What is required:
Pictures aside, write out the data exactly as it reads.

Dataset content:
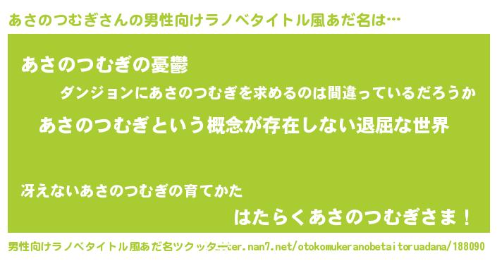 | 胡散臭い通販商品みたいなあだ名 | 『絶対に幸福をもたらす水素水…その名も「あさのつむぎ」』 |
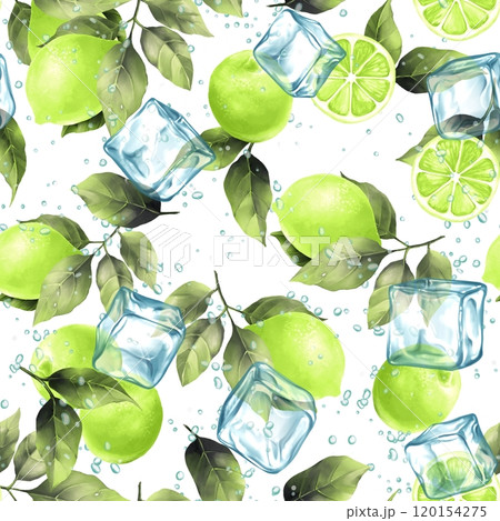 Seamless pattern with limes and ice cubes. Hand drawn vibrant background with fruits and leaves. Design for wrapping paper, cards, textile and etc.
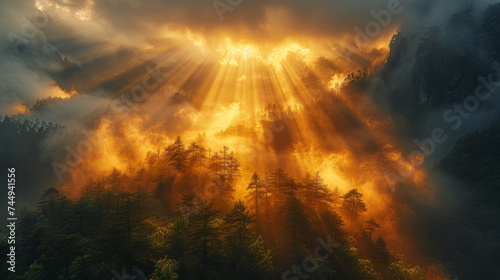 © JKLoma, Obraz premium sharp jagged yellow mountains of Huangshan China covered in fog and clouds,generative ai
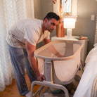 Versatility’s important, too. That’s all thanks to the Iora’s four different height positions that to give you a customized fit. Not only does the Iora bassinet adjust up and down, but side to side as well. For those moments in the middle of the night when your baby wakes up crying, you can easily glide the bedside bassinet closer to the bed to give comfort and care.Let’s not forget the Iora’s sleek and stylish design. It’s sophisticated colors and material finishes blend in beautifully with your modern-day décor.
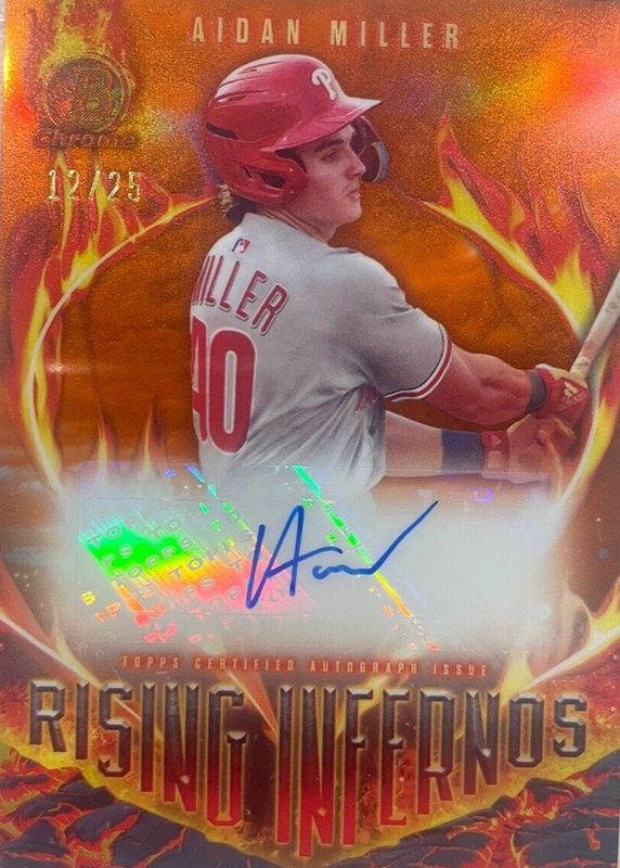 Aidan Miller 2024 Bowman #RIA-AM Rising Infernos Autographs - Orange Refractor /25 RAW Price Guide
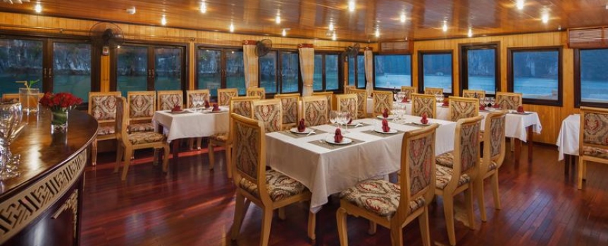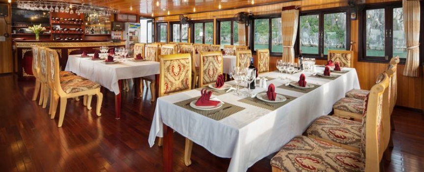 13:00 Quý khách dùng bữa trưa tại nhà hàng trên tàu, thưởng ngoạn cảnh thiên nhiên hùng vỹ của Vịnh Hạ Long trong khi tàu tiến sâu vào trong vịnh.
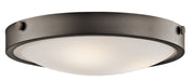 This versatile 3 light flush mounted ceiling fixture features a warm, Olde Bronze finish and Stain Etched White Glass that will effortlessly highlight any space in your home.

Your response:
 | 胡散臭い通販商品みたいなあだ名 | 『絶対に幸福をもたらす水素水…その名も「あさのつむぎ」』 |
 Seamless pattern with limes and ice cubes. Hand drawn vibrant background with fruits and leaves. Design for wrapping paper, cards, textile and etc.
 © JKLoma, Obraz premium sharp jagged yellow mountains of Huangshan China covered in fog and clouds,generative ai
 Versatility’s important, too. That’s all thanks to the Iora’s four different height positions that to give you a customized fit. Not only does the Iora bassinet adjust up and down, but side to side as well. For those moments in the middle of the night when your baby wakes up crying, you can easily glide the bedside bassinet closer to the bed to give comfort and care.Let’s not forget the Iora’s sleek and stylish design. It’s sophisticated colors and material finishes blend in beautifully with your modern-day décor.
 Aidan Miller 2024 Bowman #RIA-AM Rising Infernos Autographs - Orange Refractor /25 RAW Price Guide
 13:00 Quý khách dùng bữa trưa tại nhà hàng trên tàu, thưởng ngoạn cảnh thiên nhiên hùng vỹ của Vịnh Hạ Long trong khi tàu tiến sâu vào trong vịnh.
 This versatile 3 light flush mounted ceiling fixture features a warm, Olde Bronze finish and Stain Etched White Glass that will effortlessly highlight any space in your home.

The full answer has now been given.